Latest News

PhotoSat Research Breakthrough Improves Satellite Surveying Resolution

By | September 15, 2017
      Left: Stereo WorldView satellite photo of a mine site access road and utility corridor. Right: 50cm PhotoSat survey grid. The new PhotoSat processing shows fine topographic details. Photo: PhotoSat.

      Left: Stereo WorldView satellite photo of a mine site access road and utility corridor. Right: 50cm PhotoSat survey grid. The new PhotoSat processing shows fine topographic details. Photo: PhotoSat.

      PhotoSat announced that an ongoing research program has produced a breakthrough in their satellite image processing, considerably enhancing the visibility of fine topographic details.

      PhotoSat produces satellite surveys of mine sites and engineering projects around the world. The company’s geophysicists apply signal enhancement, noise attenuation, and image matching from seismic data processing to automatically produce elevation grids from stereo satellite photos. While most of these surveys are accurate to better than 20cm in elevation, with the recent breakthrough in image processing, the horizontal resolution of small 3D ground features has been greatly improved. These small features, such as mine site haul road berms, are now clearly resolved on PhotoSat survey grids, according to the company.

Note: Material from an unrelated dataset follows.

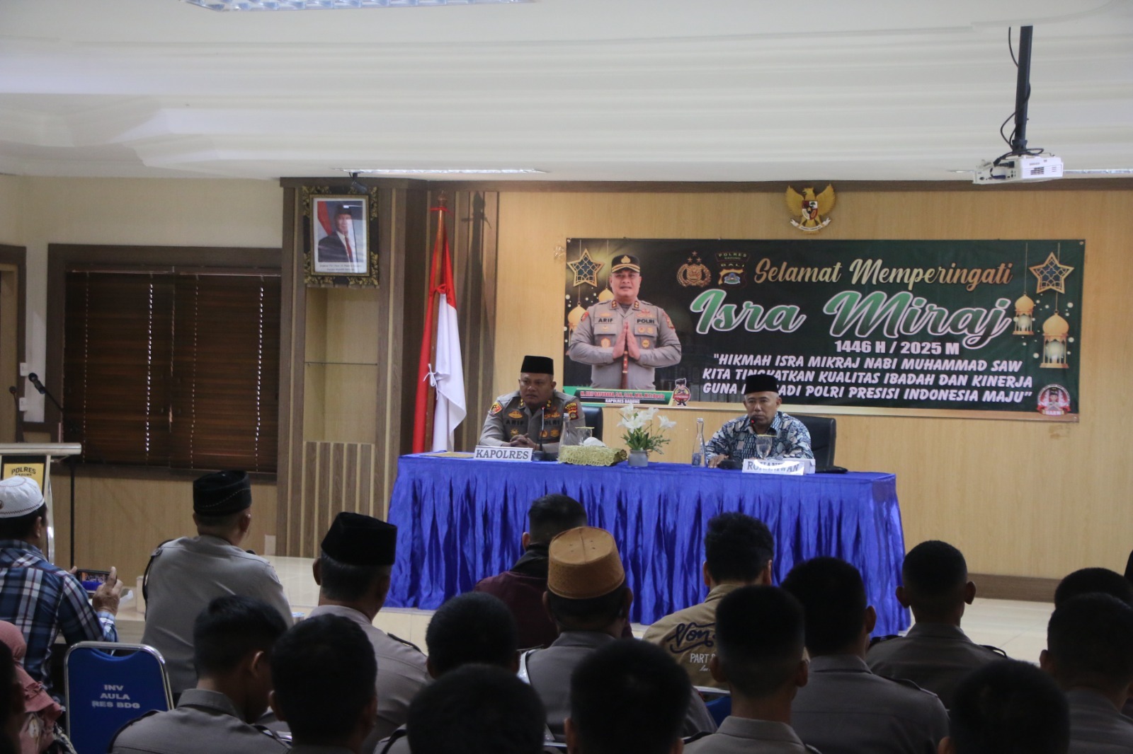 Drs. K.H. Yunus Anies, S.H. selaku rohaniawan muslim menjelaskan bahwa tujuan dari Peringatan Isra’ Mi’raj Nabi Muhammad SAW diperingati setiap tahun adalah menjadikan sosok Nabi Muhammad SAW sebagai suri tauladan bagi umat Islam dalam menjalani segala aktifitas kehidupan sehari-hari. Kaitannya dengan pelaksanaan tugas Polri Presisi dalam mengawal Indonesia Maju dianjurkan anggota Polri untuk meningkatkan ibadah dengan maksud dan tujuan mengharapkan ridha Allah SWT sehingga kita mendapatkan kemudahan-kemudahan dalam menjalankan tugas sebagai anggota Polri.

      The use of satellite surveying can shorten project timelines, eliminate survey delays and provide more accurate surveys — particularly for areas which are dangerous to access on foot or by vehicle. Stereo satellite photos taken in one minute can survey hundreds of square kilometers, providing an instant snapshot of an entire mine site.

      “The improved resolution of the PhotoSat survey grids will enable earthworks design engineers to use satellite surveying for more detailed designs and construction planning,” said Gerry Mitchell, PhotoSat president and founder. “Construction and operations engineers will be able to use the PhotoSat surveys to monitor the construction of smaller structures and produce more precise as-built drawings and volume measurements.”